British Prime Minister Gordon Brown gave this assessment of the importance of Copenhagen:

In every era, there are only one or two moments when nations come together and reach agreements that make history, because they change the course of history. Copenhagen must be such a time. If we do not reach a deal at this time, let us be in no doubt: once the damage from unchecked emissions growth is done, no retrospective global agreement in some future period can undo that choice.

Abandoning the planet to the corporate polluters
Abandoning the planet to the corporate polluters

But after months of the slow, corrosive drip of statements from various government spokespeople minimizing what was likely to be accomplished at Copenhagen, Barack Obama finally admitted in mid-November what had grown increasingly obvious to all: Copenhagen was unlikely to achieve anything substantial, and quite possibly would achieve nothing at all.

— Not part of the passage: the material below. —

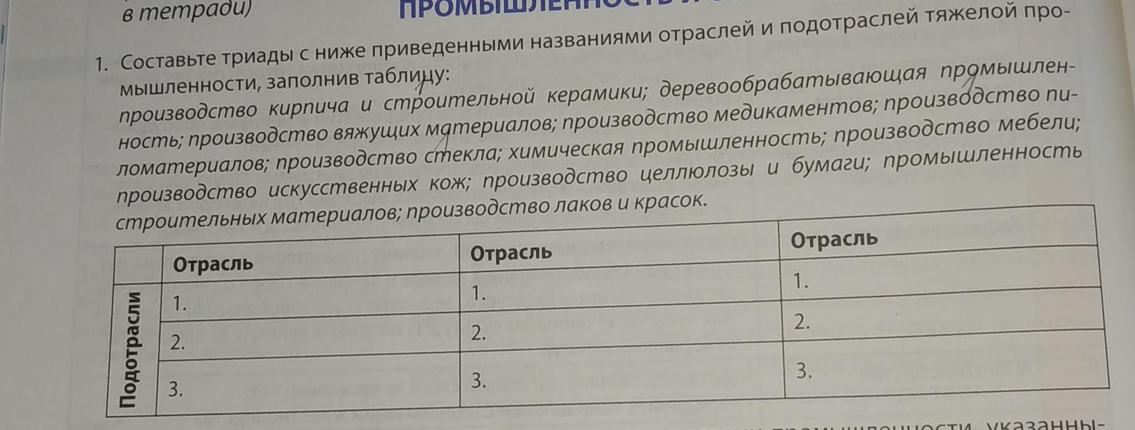 ПОМОГИТЕ Составьте триады с ниже приведеными названиями отраслей и подотраслей тяжёлой промышленности заполнив таблицу

The international foot-dragging has been led by the rich, developed world, which has refused to offer serious short-term emissions targets or aid to developing countries to pursue a low-carbon future. But the award for the least progress on climate change undoubtedly goes to the U.S. for its sterling efforts in Congress to ensure the least possible disruption to business as usual--and, as a result, a bleak future for humanity.

Increasingly exasperated and desperate climate scientists warn that emissions have to start declining by 2015 and peak by 2020 at the latest if we are to stand any chance of forestalling average global temperatures increasing past the critical threshold of a 2 degree Celsius increase.

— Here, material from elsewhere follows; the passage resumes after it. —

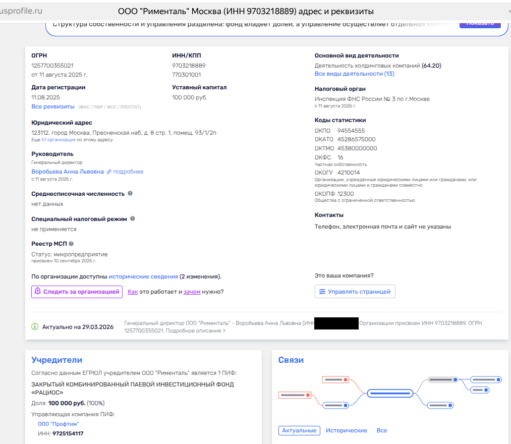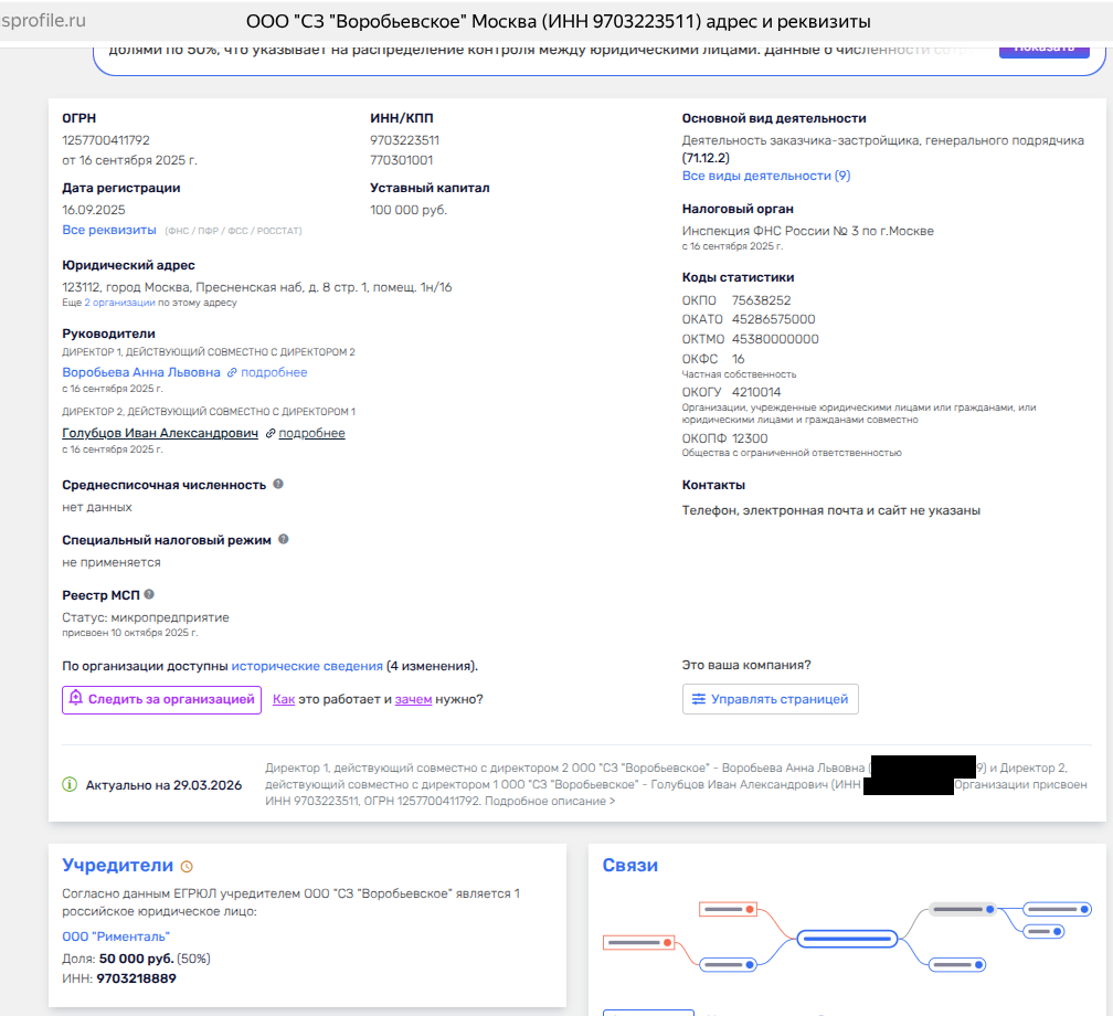 Фирма «СЗ «Воробьевское» была зарегистрирована в сентябре 2025 года фирмой из дивизиона Саркисовых - «Секьюлар Инвестментс Лтд» и неким ООО «Рименталь».

However, the industrialized countries have offered a combined cut of just 10-17 percent of their emissions from 1990 levels by 2020. That sounds good, except that the Inter-Governmental Panel on Climate Change (IPCC) stated two years ago that emissions needed reducing by at least 25 to 40 percent to even stand a 50-50 chance of avoiding the 2 degree Celsius threshold.

If the rich countries--which are both more responsible for climate change and more able to plow money into avoiding it--aren't getting serious, why should any other country?

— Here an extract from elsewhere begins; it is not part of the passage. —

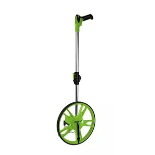 Koło pomiarowe, drogomierz to doskonałe narzędzie do precyzyjnego odmierzenia odległości między punktami nawet tych najbardziej oddalonych. Duża średnica koła, 318mm, zapewnia stabilność w trudnym terenie oraz precyzję pomiaru. Zakres pomiarowy wynosi blisko 100km, co pozwala wymierzyć nawet największe odcinki jak mierzenie obrysu działki itp. Mechaniczny licznik znajdujący się w korpusie osi jest czytelny i prosty w obsłudze. Teleskopowa rękojeść pozwala na złożenie drogomierza do kompaktowych wymiarów i transport/magazynowanie w dołączonej torbie.

Of course, the politicians claim to be setting "hard and fast," "binding" targets for impressive-sounding 80 percent reductions in emissions, to be fully implemented by 2050. But it's not too hard to see through a strategy that disingenuously puts off real change to an undefined future four decades from now. We can't trust politicians now, while they're in office--let alone after they're dead.


FOR THE U.S., the train wreck of Copenhagen is coming on the heels of the disastrous Waxman-Markey energy bill this summer, which enshrined so-called "cap and trade"--where a maximum level of emissions is set by sector, and polluters are free to sell the right to pollute under that cap--as the central method by which the U.S. would reduce its carbon emissions.

The bill, which is stalled in the Senate anyway, would, according to optimistic projections, reduce U.S. emissions of greenhouse gases by 4 to 7 percent from 1990 levels, an utterly inadequate decrease.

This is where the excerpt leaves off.